Following sorting, nuclei were isolated following the 10x Genomics demonstrated protocol Low Cell Input Nuclei Isolation, which is described in the CG000365 User Guide. Nuclei were then processed using the Chromium Single Cell Multiome ATAC + Gene Expression kit (10x Genomics), following the manufacturer’s instructions, to obtain between 2,000 and 10,000 cells per sample. Libraries were sequenced on an Illumina Next-seq system using the following sequencing formats: read 1, 28; i7 index, 10; i5 index, 10; read 2, 44 (scRNA-seq); read 1, 30; i7 index, 8; i5 index, 24; read 2, 30 (scATAC–seq). Data processing was performed using CellRanger ARC 2.0.0 software from 10x Genomics.

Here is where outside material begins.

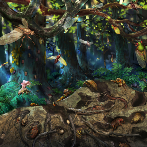 中生代森林中蝉的生态场景示意图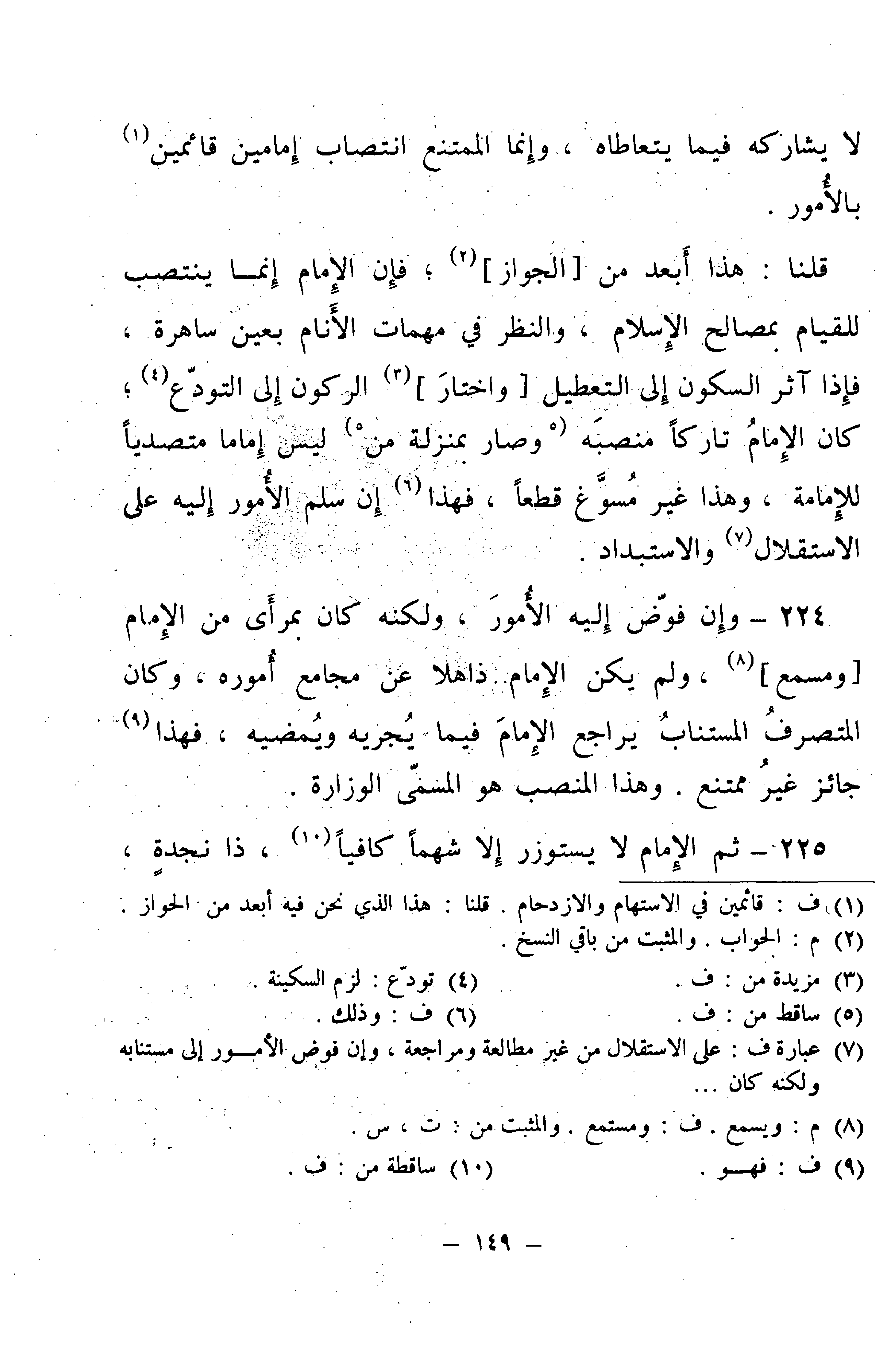 224 - وَإِنْ فَوَّضَ إِلَيْهِ الْأُمُورَ، وَلَكِنَّهُ كَانَ بِمَرْأَى مِنِ الْإِمَامِ وَمَسْمَعٍ، وَلَمْ يَكُنِ الْإِمَامُ ذَاهِلًا عَنْ مَجَامِعِ أُمُورِهِ، وَكَانَ الْمُتَصَرِّفُ الْمُسْتَنَابُ يُرَاجِعُ الْإِمَامَ فِيمَا يُجْرِيهِ وَيُمْضِيهِ، فَهَذَا جَائِزٌ غَيْرُ مُمْتَنَعٍ، وَهَذَا الْمَنْصِبُ هُوَ الْمُسَمَّى الْوِزَارَةُ.

Tn5 sequence bias modelling
Getting Tn5 insertion counts
The ends of fragment files were shifted by +4/−4 to obtain the centre of the 9 bp staggered end created by Tn5 transposition. The number of insertions at each single base-pair position within each cCRE from each sample was then quantified and stored in a sample-by-cCRE-by-position three-dimensional tensor for rapid data retrieval.
Data preprocessing
The model takes local DNA sequence context as input and predicts single base-pair resolution Tn5 bias. To this end, the ±50-bp DNA sequence surrounding each position of interest is encoded by one-hot encoding into a 101 × 4 matrix and used as model input. For the prediction target, we use local relative Tn5 bias as the target value. More specifically, the raw Tn5 insertion count at each position is divided by the average Tn5 insertion count within a ±50-bp window. Positions with low local coverage (fewer than 20 insertions per base pair) were removed to guarantee quality of training data. To facilitate model training, the resulting observed Tn5 bias values were log10 transformed and rescaled. For dataset partition, we randomly split all BACs into 80%, 10% and 10% for the training, validation and test sets, respectively; in other words, all data originating from the same BAC belonged to the same partition. This is to prevent overlapping local sequence contexts being placed in both training and testing datasets, which might lead to overestimation of performance. To guarantee equal coverage of examples with different bias levels, we binned all training examples into five bins based on their Tn5 bias value, and upsampled each bin so that all bins ended up with the same number of examples. In addition, given the symmetric nature of Tn5 insertion, we generated reverse-complement sequences of training examples as data augmentation. The original and reverse-complement data were combined, shuffled and then used for model training.
Model architecture
The convolutional network consists of three convolution and max-pooling layers and two fully connected layers. Each convolution and max-pooling layer performs convolution, rectified linear unit (ReLU) nonlinear activation60 and max pooling sequentially. We used 32 filters of width 5 for each layer, along with the ‘same’ padding mode and stride size of 1. The two following fully connected layers have output dimension of 32 and 1, respectively; ReLU activation is used by the first fully connected layer and linear activation by the second (that is, the final output layer).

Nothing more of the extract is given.